Charity risk barometer

by Mark Rowe

Charities need to take a longer-term view of risk or face increasing threats to their prosperity and security, according to an insurer.

The specialist insurer Ecclesiastical Insurance published its first Charity Risk Barometer, a study of the immediate and emerging risks facing the charity sector.
The report, published with Third Sector, asked charity leaders about the biggest risks facing them over the short- (12months), medium- (one to three years) and long-term (five years).

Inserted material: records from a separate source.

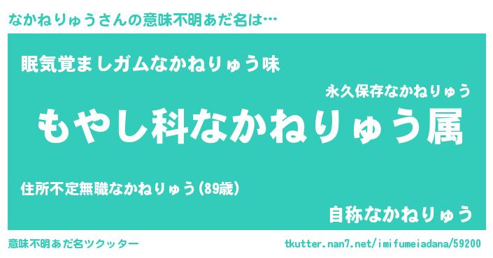 | 男性向けラノベタイトル風あだ名 | 『なかねりゅうに滅ぼされるだけの簡単なお仕事です』 |
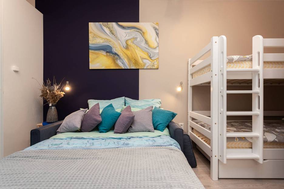В квартире с комфортом могут разместиться четыре человека.
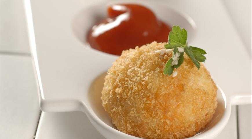 - Обмакнуть шарик в яичной смеси, затем обвалять в панировке
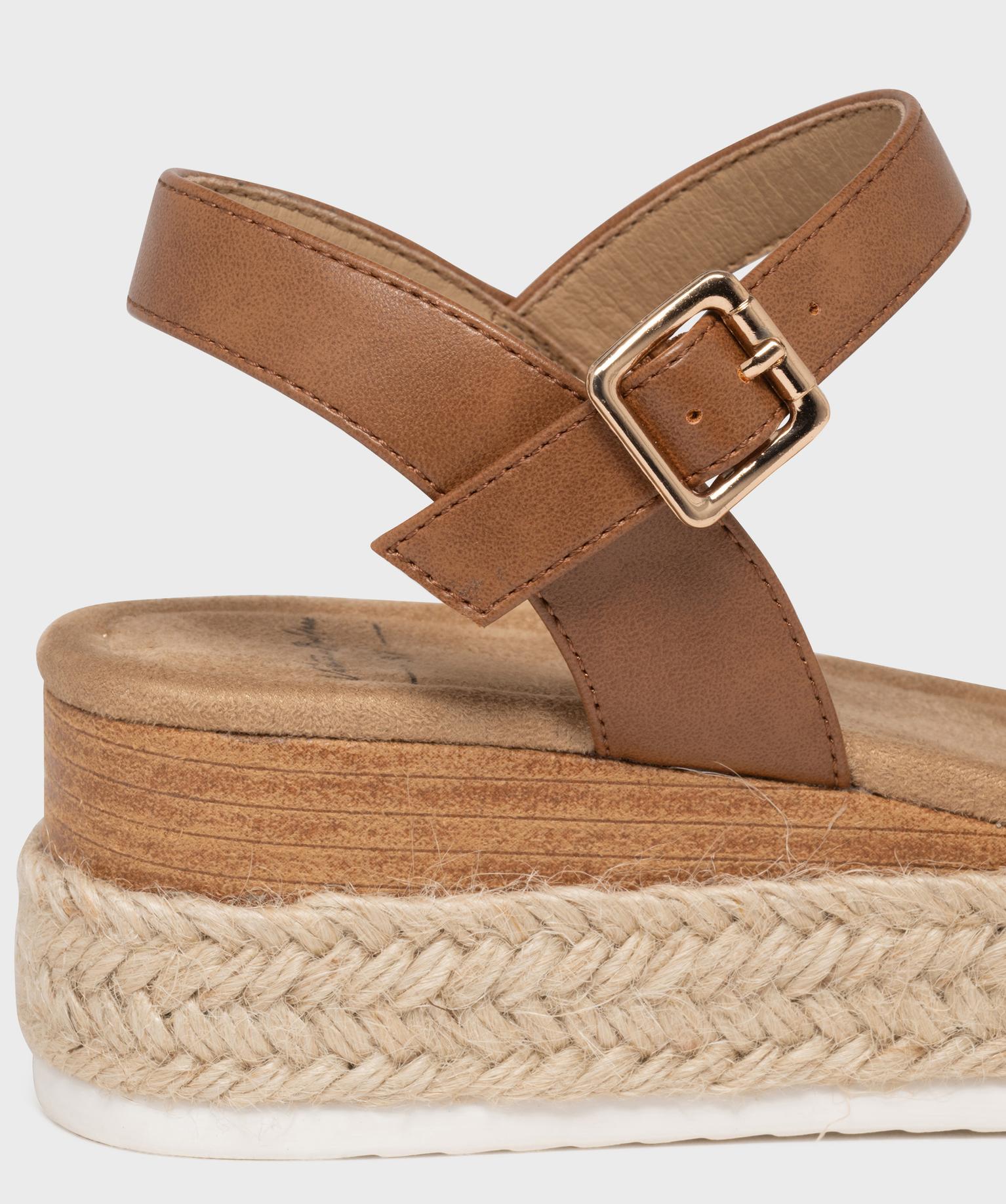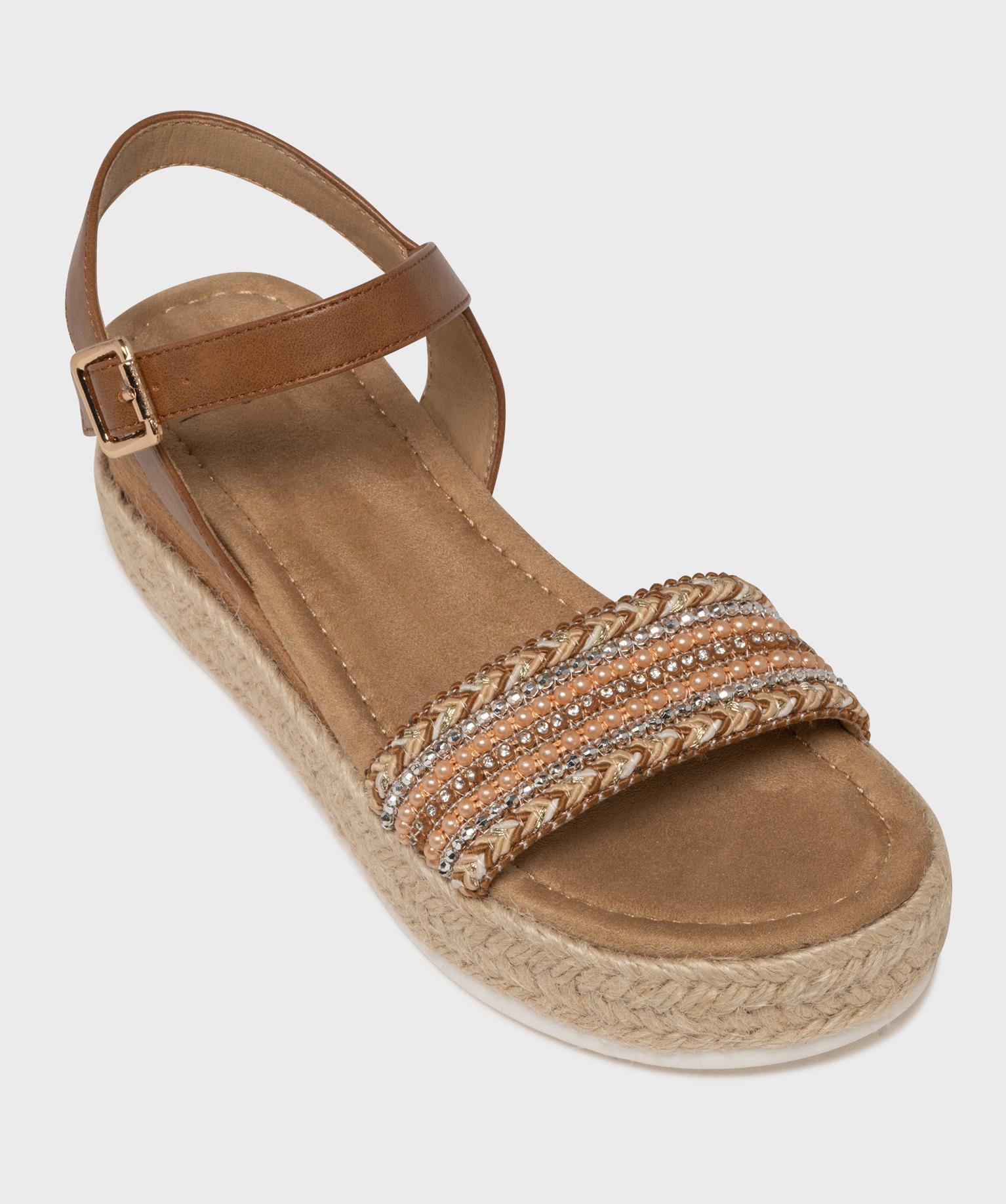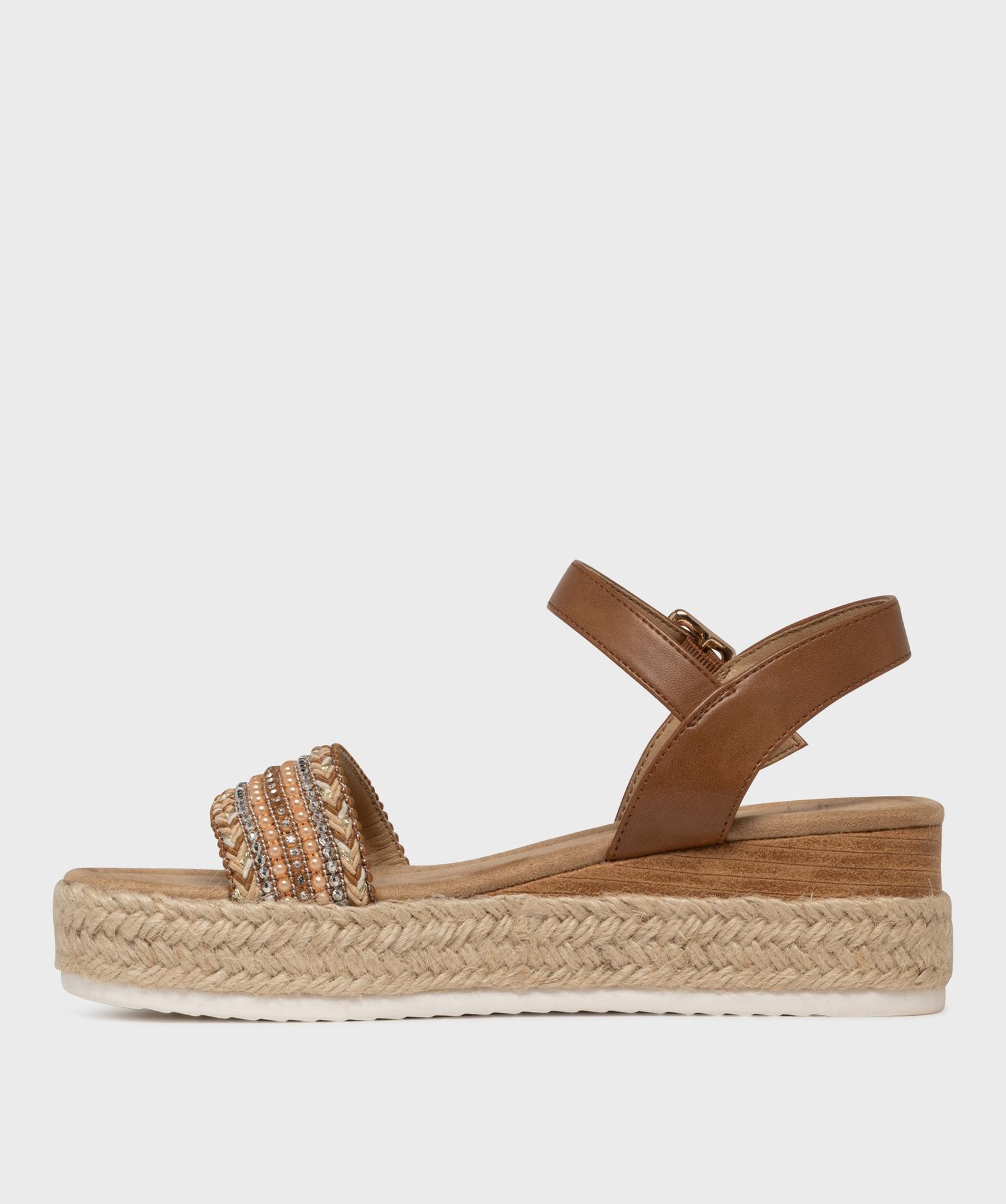 Sandales à talon compensé avec strass et semelle de corde femme marron clair

Funding emerged as the biggest concern (more than half, 54pc of charities) over the short- and medium-term, while reputational risk (26pc) is seen as the biggest threat to the sector over the long-term. Brexit is a major concern for the year ahead, with more than half of charities citing it as a concern, followed by growing political instability (38pc). Brexit was more of an issue for larger charities and became less important to all charities over the longer-term.

The report also highlights emerging risks including charities’ ability to attract and retain talent, stress-related burnout among staff and engaging with the next generation of supporters. The report also highlights a need for charities to think more strategically about risk management to ensure their future prosperity.

Three-quarters of boards have risk discussions as a standing agenda item, but one in four charity leaders feel they aren’t spending enough time considering risk at a strategic level. Worryingly one in three small charities don’t spend any time considering strategic risk on a regular basis.

The research also found that many charities were taking a short-term view of risk. One in five charities is only looking ahead 12 months when considering their strategic risks, and just 40 per cent are looking beyond three years.

Angus Roy, charity director at Ecclesiastical Insurance, said: “These are challenging times for the sector – uncertainty is the new norm and new risks are emerging all of the time. It is imperative that charities spend more time thinking about not only the potential rewards, but also the risks they are facing, now and in the future. As a specialist partner to the charity sector, our role is to help customers manage their risks and our research shows that too many charities are taking a short-term view, which may be limiting their ability to grasp new opportunities and identify emerging threats. It is best, and most logical, to think about risks when a charity is looking at its three- to five-year strategic plan.”